--- Goal of the exercise ---
Write out, exactly and in full, the line where "Eine Regionalbahn von" appears together with all lines that follow it in the entries below. Do not include pictures.

--- Data to examine ---

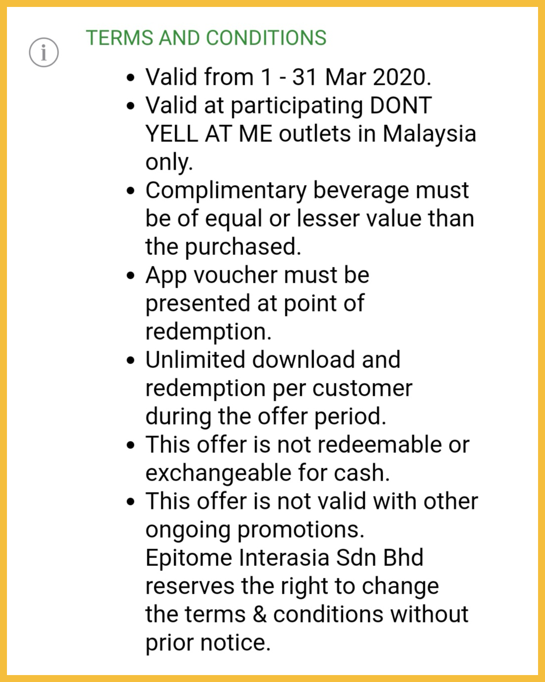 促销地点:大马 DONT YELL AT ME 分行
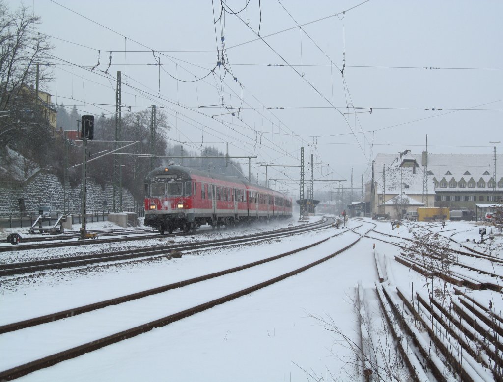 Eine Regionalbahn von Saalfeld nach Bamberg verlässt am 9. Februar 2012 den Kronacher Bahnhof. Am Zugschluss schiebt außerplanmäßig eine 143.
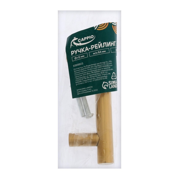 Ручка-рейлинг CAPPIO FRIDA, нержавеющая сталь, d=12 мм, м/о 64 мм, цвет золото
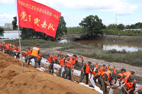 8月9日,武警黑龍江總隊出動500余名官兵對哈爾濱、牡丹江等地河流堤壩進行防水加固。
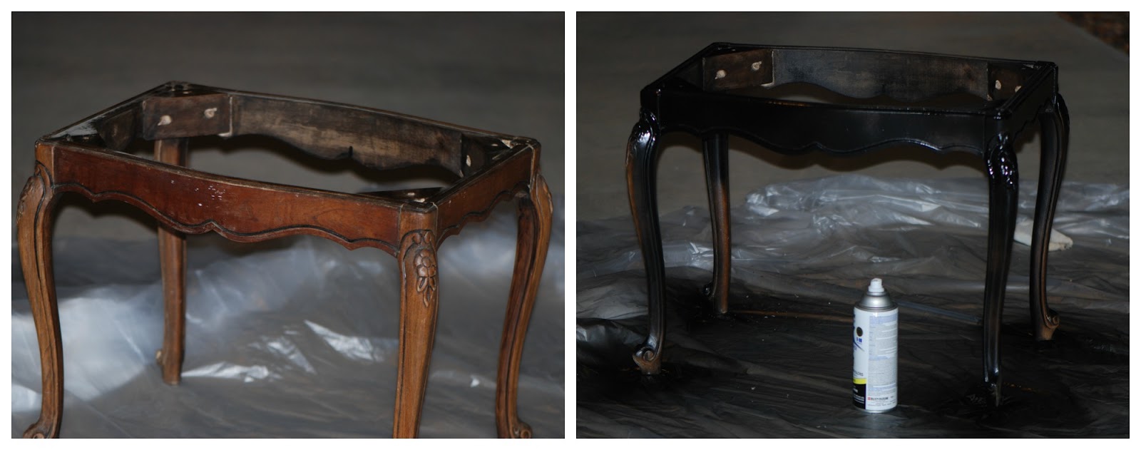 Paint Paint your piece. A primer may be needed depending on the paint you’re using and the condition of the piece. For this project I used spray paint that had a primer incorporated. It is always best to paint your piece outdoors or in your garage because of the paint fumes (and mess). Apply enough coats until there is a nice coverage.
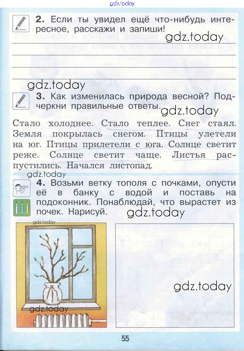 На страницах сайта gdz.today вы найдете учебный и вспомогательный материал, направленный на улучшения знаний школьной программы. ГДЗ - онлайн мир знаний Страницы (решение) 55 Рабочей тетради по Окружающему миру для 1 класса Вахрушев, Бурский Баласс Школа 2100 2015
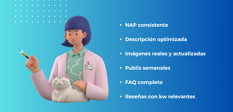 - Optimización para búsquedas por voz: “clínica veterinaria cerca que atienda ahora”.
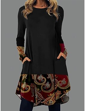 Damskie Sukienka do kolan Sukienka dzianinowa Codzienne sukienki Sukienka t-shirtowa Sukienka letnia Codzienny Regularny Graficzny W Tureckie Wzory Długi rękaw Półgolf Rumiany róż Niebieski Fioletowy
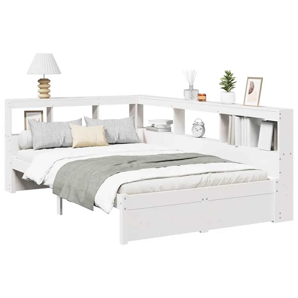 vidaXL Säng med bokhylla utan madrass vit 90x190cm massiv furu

--- Exercise response ---
 Eine Regionalbahn von Saalfeld nach Bamberg verlässt am 9. Februar 2012 den Kronacher Bahnhof. Am Zugschluss schiebt außerplanmäßig eine 143.
 Ручка-рейлинг CAPPIO FRIDA, нержавеющая сталь, d=12 мм, м/о 64 мм, цвет золото
 8月9日,武警黑龍江總隊出動500余名官兵對哈爾濱、牡丹江等地河流堤壩進行防水加固。
 Paint Paint your piece. A primer may be needed depending on the paint you’re using and the condition of the piece. For this project I used spray paint that had a primer incorporated. It is always best to paint your piece outdoors or in your garage because of the paint fumes (and mess). Apply enough coats until there is a nice coverage.
 На страницах сайта gdz.today вы найдете учебный и вспомогательный материал, направленный на улучшения знаний школьной программы. ГДЗ - онлайн мир знаний Страницы (решение) 55 Рабочей тетради по Окружающему миру для 1 класса Вахрушев, Бурский Баласс Школа 2100 2015
 - Optimización para búsquedas por voz: “clínica veterinaria cerca que atienda ahora”.
 Damskie Sukienka do kolan Sukienka dzianinowa Codzienne sukienki Sukienka t-shirtowa Sukienka letnia Codzienny Regularny Graficzny W Tureckie Wzory Długi rękaw Półgolf Rumiany róż Niebieski Fioletowy
 vidaXL Säng med bokhylla utan madrass vit 90x190cm massiv furu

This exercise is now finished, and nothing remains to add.